Dan Wright has written an article about Ten statisticians and their impacts for psychologists, which is well worth reading. As psychologists, we learn about, and use statistics, but we don't learn enough (in my opinion) about the historical and philosophical underpinnings - which are linked to the individuals - how many psychologists know that Fisher and Pearson did not get on, for example.

As well as describing these statisticians early work, he gives some snippets of details about their lives - I didn't know, for example, that Jerzy Neyman had ever been imprisoned by the Bolsheviks after the Russian revolution (it's Neyman that we can thank for people using 0.05 as a stringent cutoff).

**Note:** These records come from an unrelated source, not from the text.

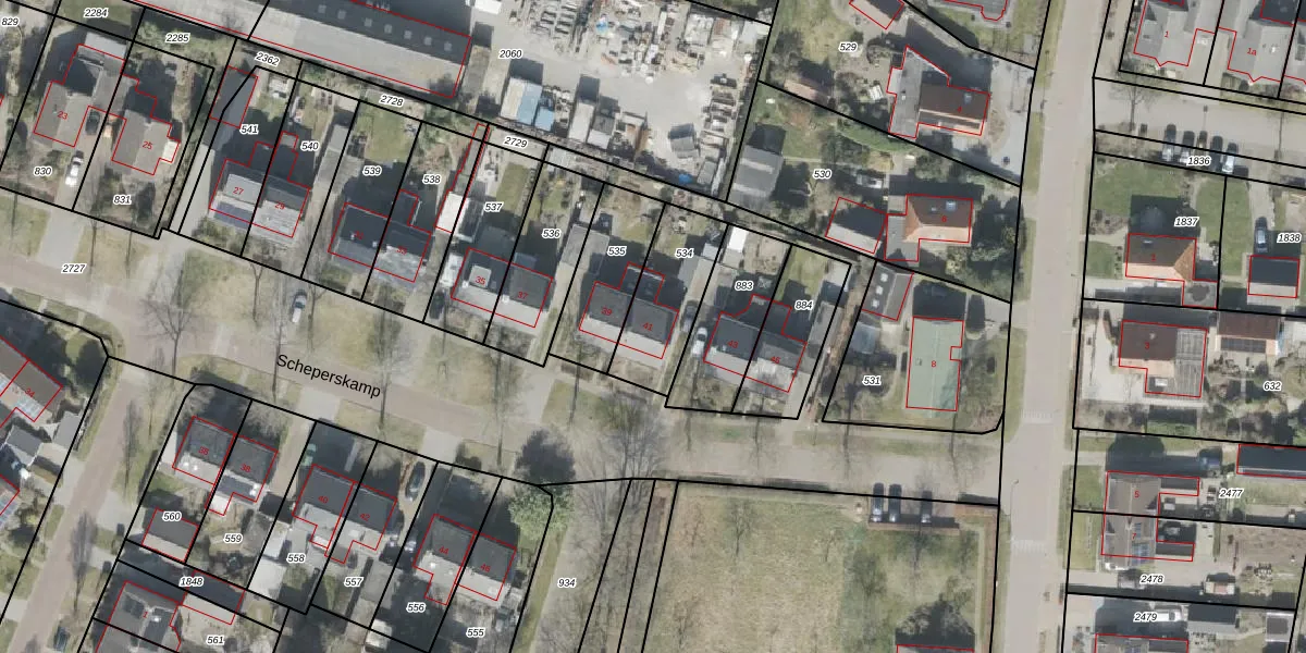 Het perceel waarop Scheperskamp 41 staat heeft een oppervlakte van 283 m². Dit is een middelgroot perceel. De perceeloppervlakte wordt geregistreerd door het Kadaster. Gedetailleerde informatie over de maten van dit perceel kunt u vinden in het rapport Kadastrale kaart met maatvoering van Scheperskamp 41.
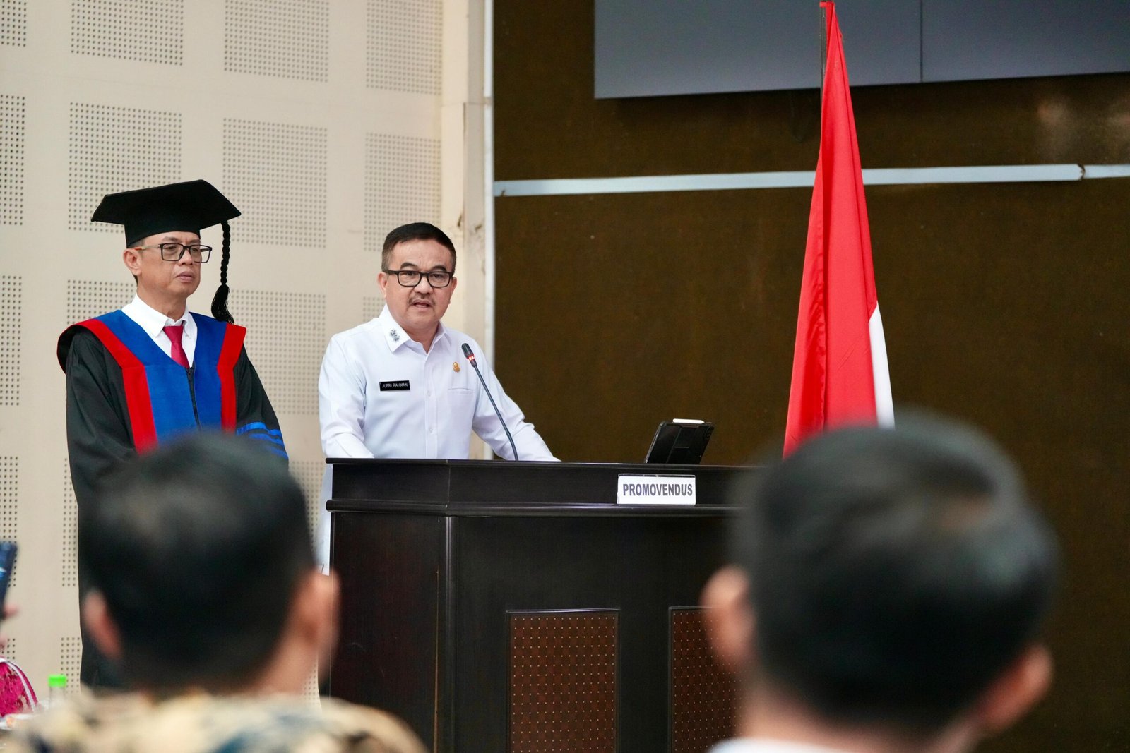 TEBARAN.COM,MAKASSAR – Sekretaris Daerah Provinsi Sulawesi Selatan, Dr. Jufri Rahman, M.Si, menyampaikan apresiasi dan ucapan selamat atas keberhasilan promosi doktor Dr. Ismu Iskandar, S.T., M.M., dalam bidang Ilmu Administrasi Publik di Pascasarjana Universitas Negeri Makassar (UNM), Rabu, 30 Juli 2025.
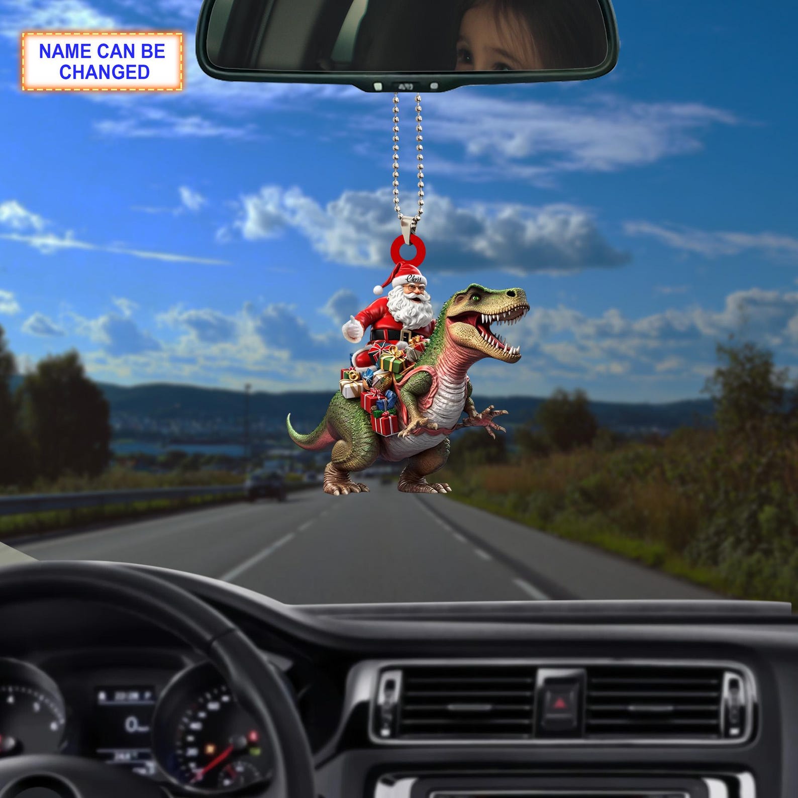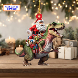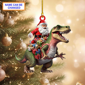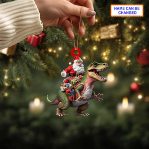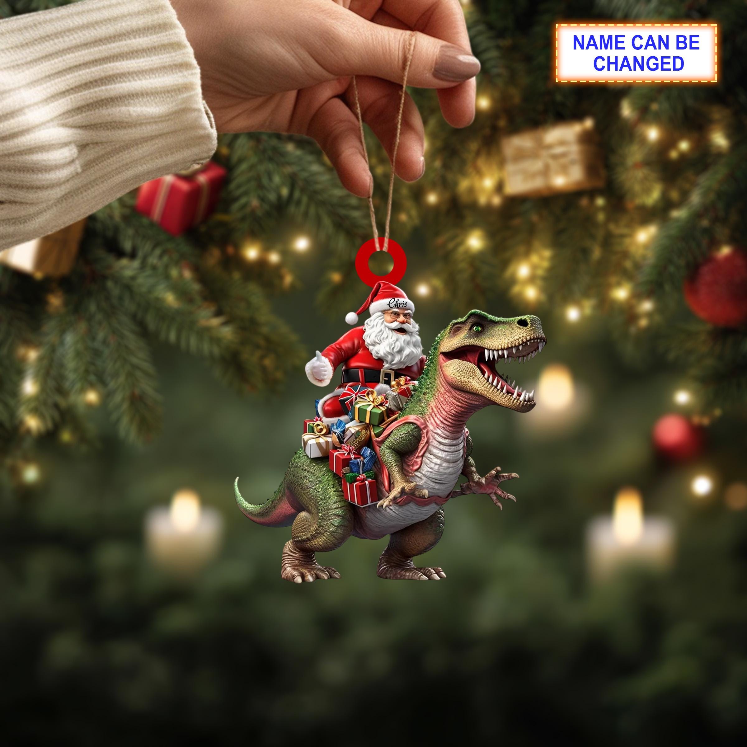 Santa Riding Dinosaur Ornament, Christmas Tree Decoration, Acrylic Ornament, Christmas Ornament
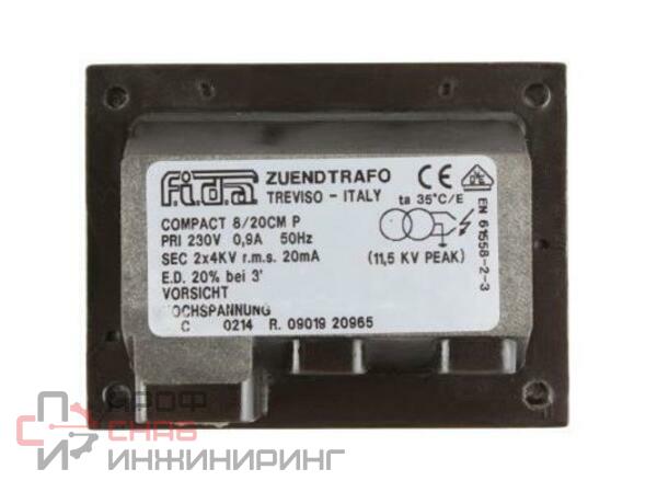 Трансформатор поджига Fida Compact 8/20 CM P Plus служит для преобразования входящего тока в ток высокого напряжения, необходимый для получения высоковольтной дуги и воспламенения топливовоздушной смеси при запуске горелки. Герметичный корпус надежно защищает электрические компоненты от внешних воздействий, пыли и влаги, отвечает европейским требованиям безопасности. Параметры электропитания: 230 В, напряжение поджига: 2х4 кВ. Для подключения к источнику питания используется штекерный разъем. Предусмотрено 2 съемных крепежа.
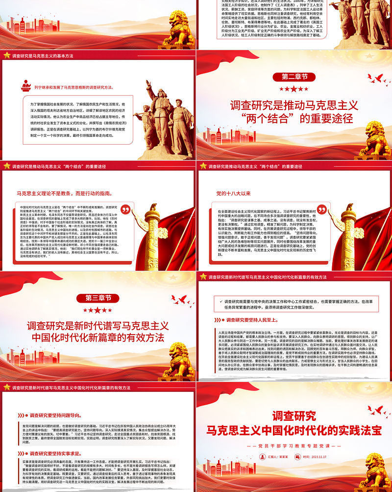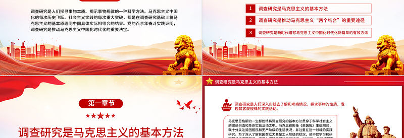 馬克思主義中國化時代化的實踐法寶是調查研究PPT大氣精美風黨員干部學習教育專題黨課課件模板 Array
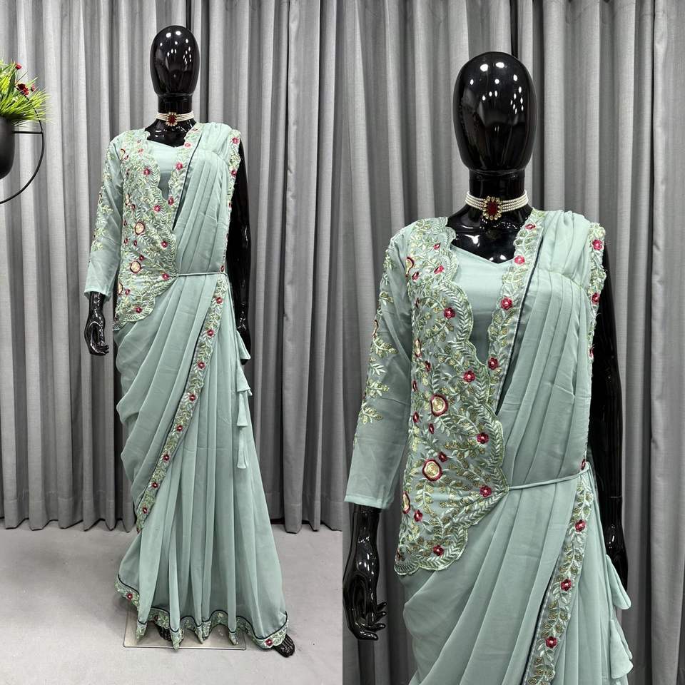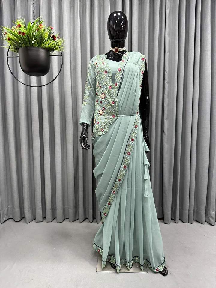 Fancy Trending Faux Georgette Saree Blusa con chaqueta
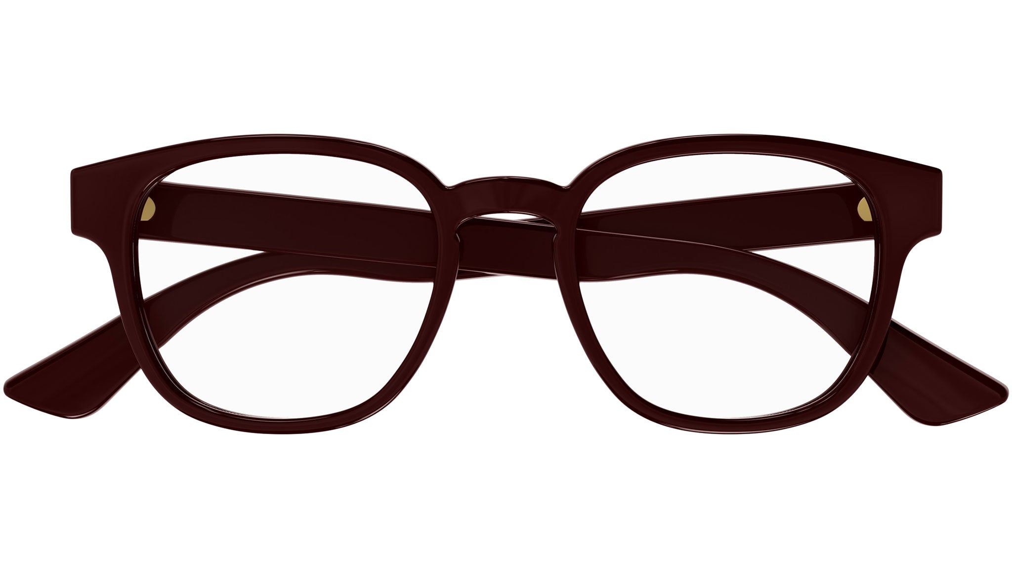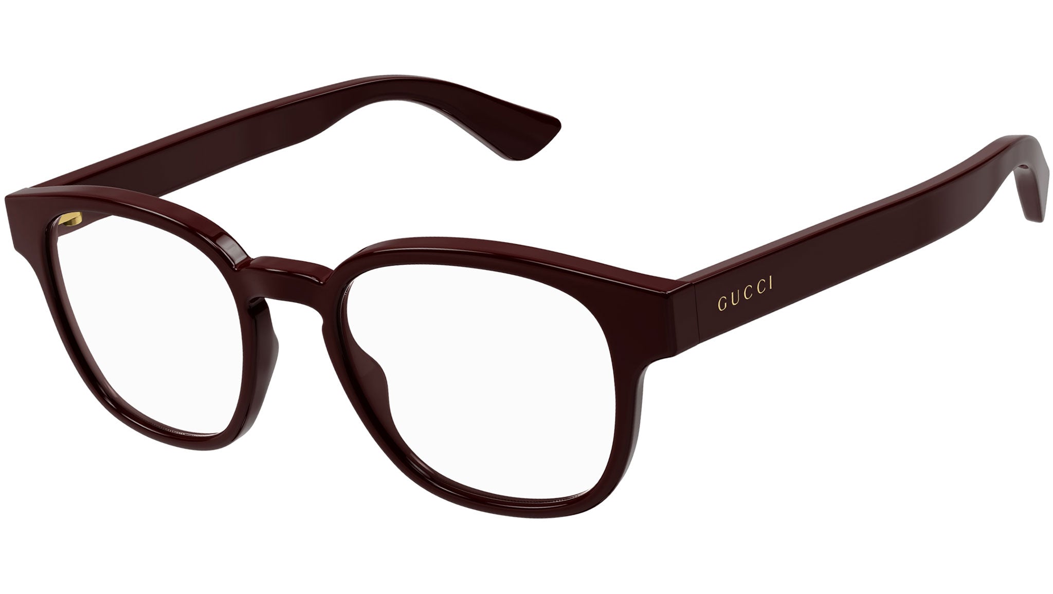 Occhiali da vista Gucci linea Gucci Logo modello GG1343O 006 in iniettato rosso tinta unita lucido con aste color rosso e lenti demo.
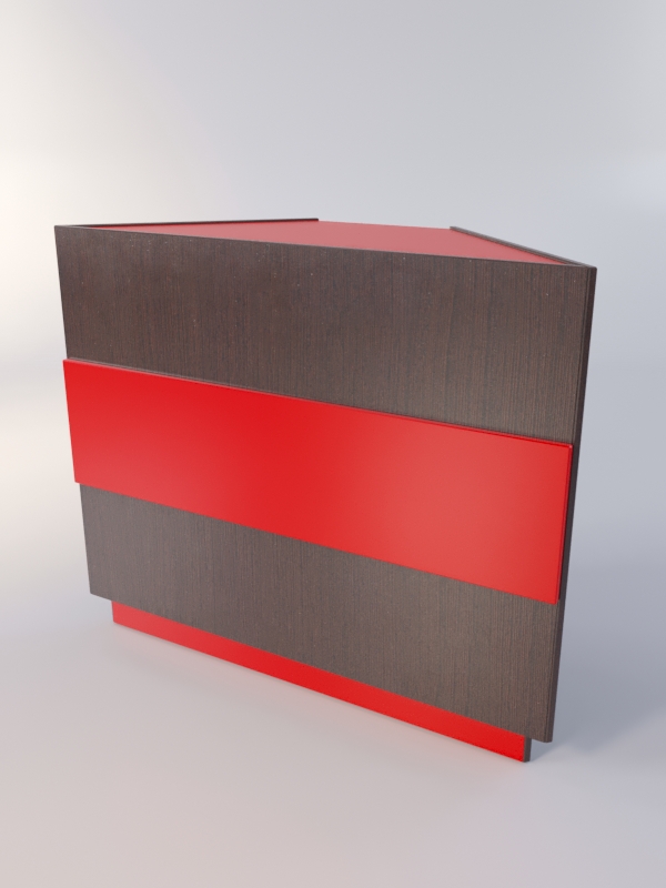 Модель имеет трапецевидную форму. Передняя панель, крыша и боковины выполнены из ЛДСП. Внутри прилавка имеется полка.
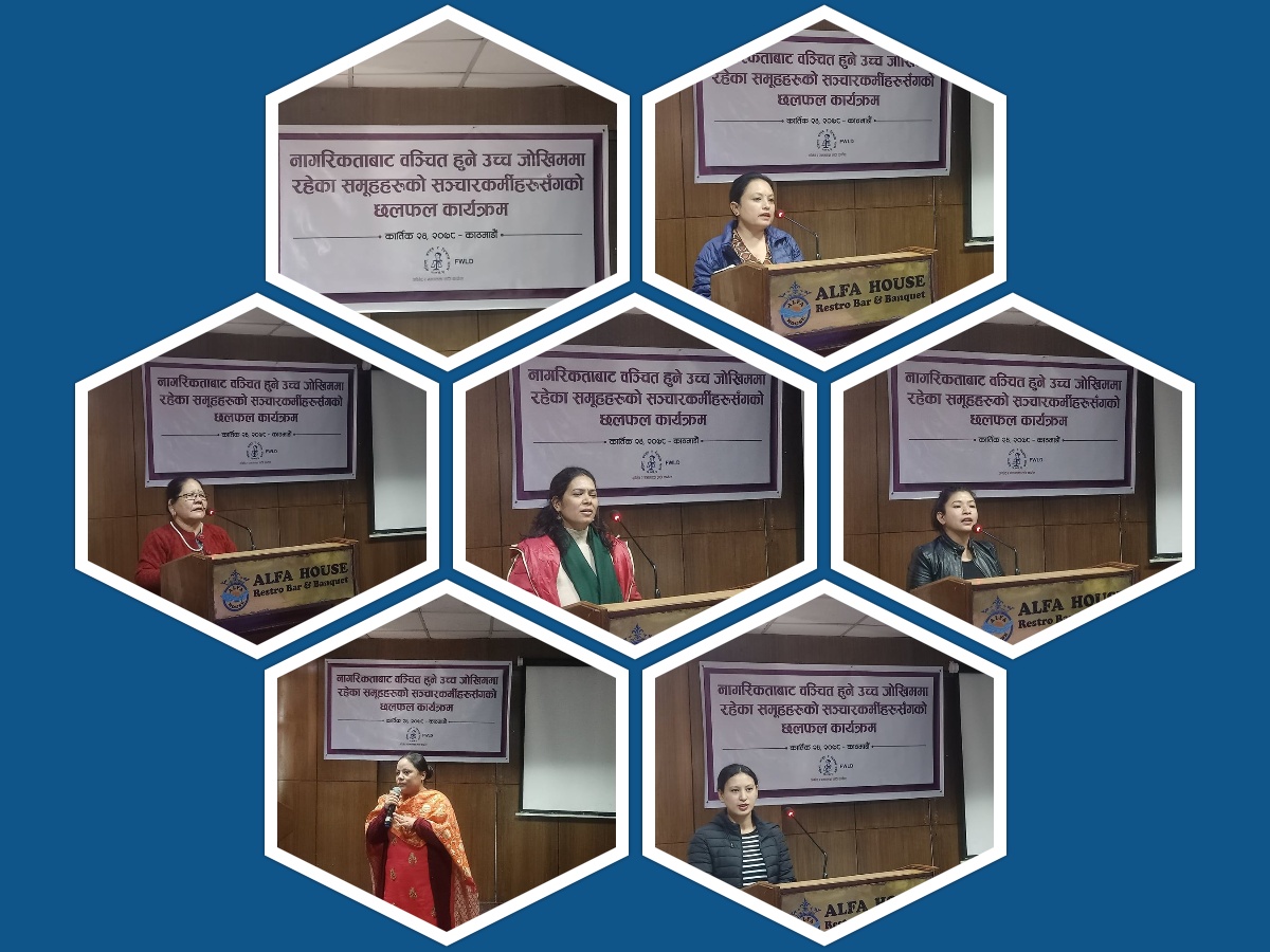 काठमाण्डु – सङ्घीय संसद्मा पेश भएको नेपाली नागरिकता ऐन, २०६३ लाई संशोधन गर्न बनेको विधेयक तत्काल पारित गरिनुपर्नेमा जोड दिइएको छ । महिला, कानून र विकास मञ्चले बुधबार आयोजना गरेको नागरिकताबाट बञ्चित हुने उच्च जोखिममा रहेका समूह र सञ्चारकर्मीसँगको छलफल कार्यक्रममा एकल महिला, सडक बालबालिका, मनोरञ्जन एवं सत्कार क्षेत्रमा कार्यरत महिला, भूमिहीनहरु नागरिकताको उच्च जोखिममा…

Two snippets he didn't mention - perhaps for lack of space. He mentions that there are only four females in a list of 100 prominent statisticians - but one of these (F N David) is named after one of the others (Florence Nightingale). In addition, he mentions Ronald Fisher (obviously), George Box, and Fisher's daughter, Joan Fisher Box (who wrote Fisher's biography), but does not mention that Joan Fisher Box acquired her name (you know where this is going, don't you) by marrying George Box.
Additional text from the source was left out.